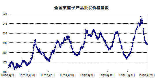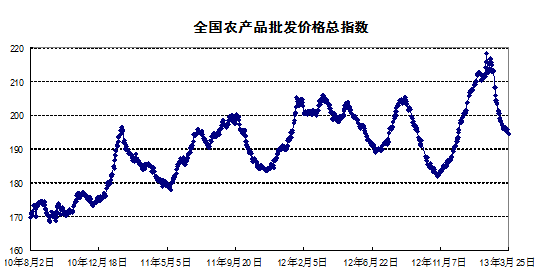 据农业部市场监测,今年第12周(2013年3月18日—3月24日,下同)“全国农产品批发价格指数”为195.68(以2000年为100),比前一周下降0.86个点;“全国菜篮子产品批发价格指数”为194.59(以2000年为100),比前一周下降0.95个点;重点监测的50家批发市场60个品种交易总量为57.40万吨,环比增加5.1%。
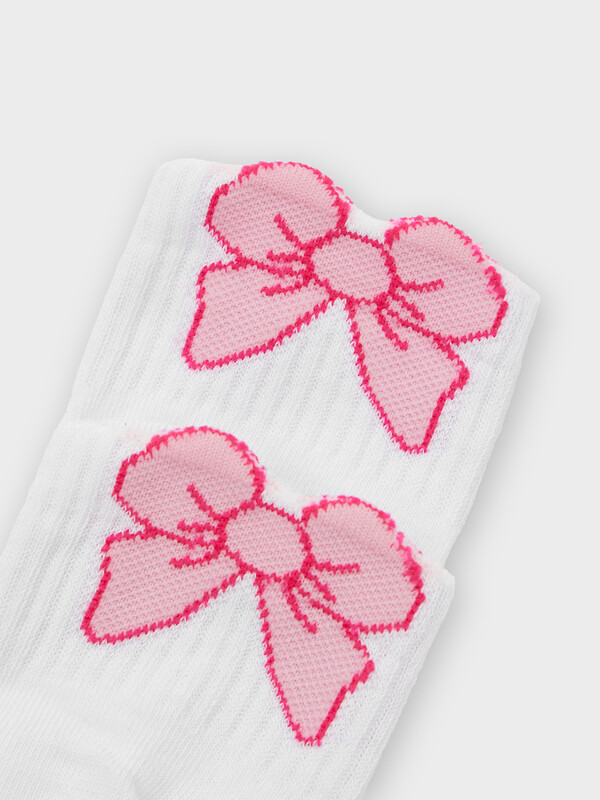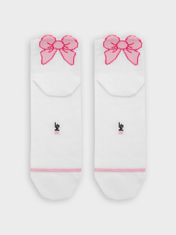 рис.3193 Гладкий детский носок с резинкой, средней высоты и рисунком в виде бантика.
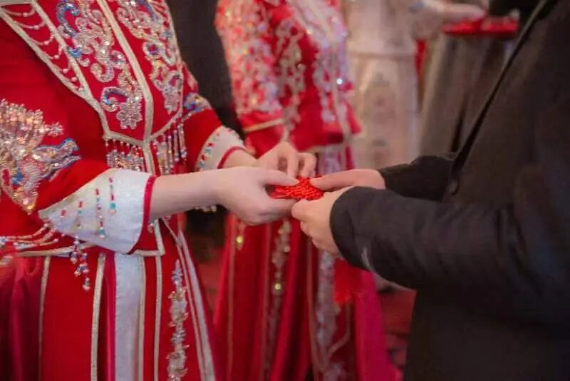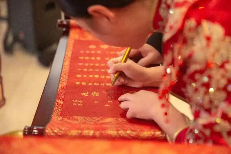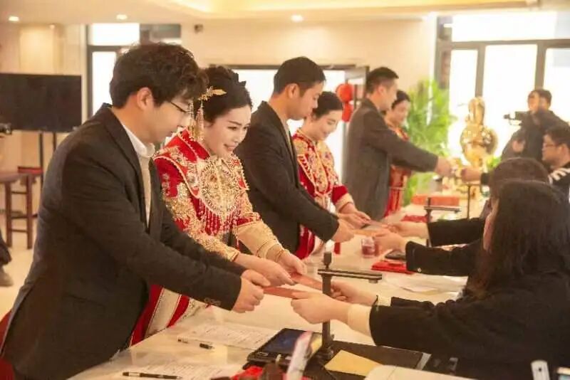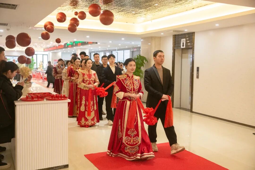 活动现场,新人们身着传统中式礼服,以中式婚礼的方式拜天地、饮交杯酒、宣读誓词,共同承诺将珍惜婚姻,关爱家庭、孝敬父母,心心相印、白头偕老。婚礼上,市民政局为他们颁发了婚书,一个个颇具仪式感的环节之后,在现场亲朋好友、嘉宾和工作人员的祝福中,新人们携手步入婚姻殿堂。
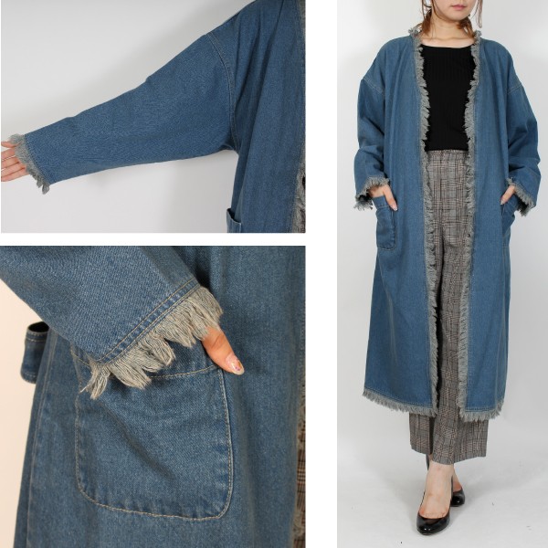 | 実寸 | 着丈:110cm、肩幅:60cm、バスト:120.5cm、袖丈:45cm、袖口:28cm、裾周り:140cm |
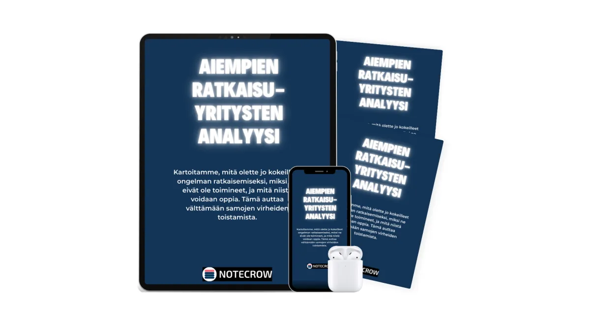 Konsultaatio on aidosti suunniteltu antamaan sinulle konkreettista hyötyä, vaikka et koskaan ostaisi mitään. Siksi annamme takuun: jos et koe saavasi apua, pidämme toisen tapaamisen veloituksetta. Toki toivomme, että näet arvon Notecrow-palvelussamme, mutta uskomme, että paras tapa osoittaa sen arvo on antaa sinulle ensin todellista hyötyä. Noin 70% konsultaatioon osallistuneista päätyy asiakkaiksemme, mutta myös loput 30% saavat mukaansa konkreettisen toimintasuunnitelman, jota voivat hyödyntää riippumatta siitä, miten päättävät edetä. Päätös on aina sinun - me tarjoamme tietoa ja vaihtoehtoja.
******
=== PROBLEM TO SOLVE ===
Output the entries above verbatim, leaving out images.

=== TASK RESULT ===
 据农业部市场监测,今年第12周(2013年3月18日—3月24日,下同)“全国农产品批发价格指数”为195.68(以2000年为100),比前一周下降0.86个点;“全国菜篮子产品批发价格指数”为194.59(以2000年为100),比前一周下降0.95个点;重点监测的50家批发市场60个品种交易总量为57.40万吨,环比增加5.1%。
 рис.3193 Гладкий детский носок с резинкой, средней высоты и рисунком в виде бантика.
 活动现场,新人们身着传统中式礼服,以中式婚礼的方式拜天地、饮交杯酒、宣读誓词,共同承诺将珍惜婚姻,关爱家庭、孝敬父母,心心相印、白头偕老。婚礼上,市民政局为他们颁发了婚书,一个个颇具仪式感的环节之后,在现场亲朋好友、嘉宾和工作人员的祝福中,新人们携手步入婚姻殿堂。
 | 実寸 | 着丈:110cm、肩幅:60cm、バスト:120.5cm、袖丈:45cm、袖口:28cm、裾周り:140cm |
 Konsultaatio on aidosti suunniteltu antamaan sinulle konkreettista hyötyä, vaikka et koskaan ostaisi mitään. Siksi annamme takuun: jos et koe saavasi apua, pidämme toisen tapaamisen veloituksetta. Toki toivomme, että näet arvon Notecrow-palvelussamme, mutta uskomme, että paras tapa osoittaa sen arvo on antaa sinulle ensin todellista hyötyä. Noin 70% konsultaatioon osallistuneista päätyy asiakkaiksemme, mutta myös loput 30% saavat mukaansa konkreettisen toimintasuunnitelman, jota voivat hyödyntää riippumatta siitä, miten päättävät edetä. Päätös on aina sinun - me tarjoamme tietoa ja vaihtoehtoja.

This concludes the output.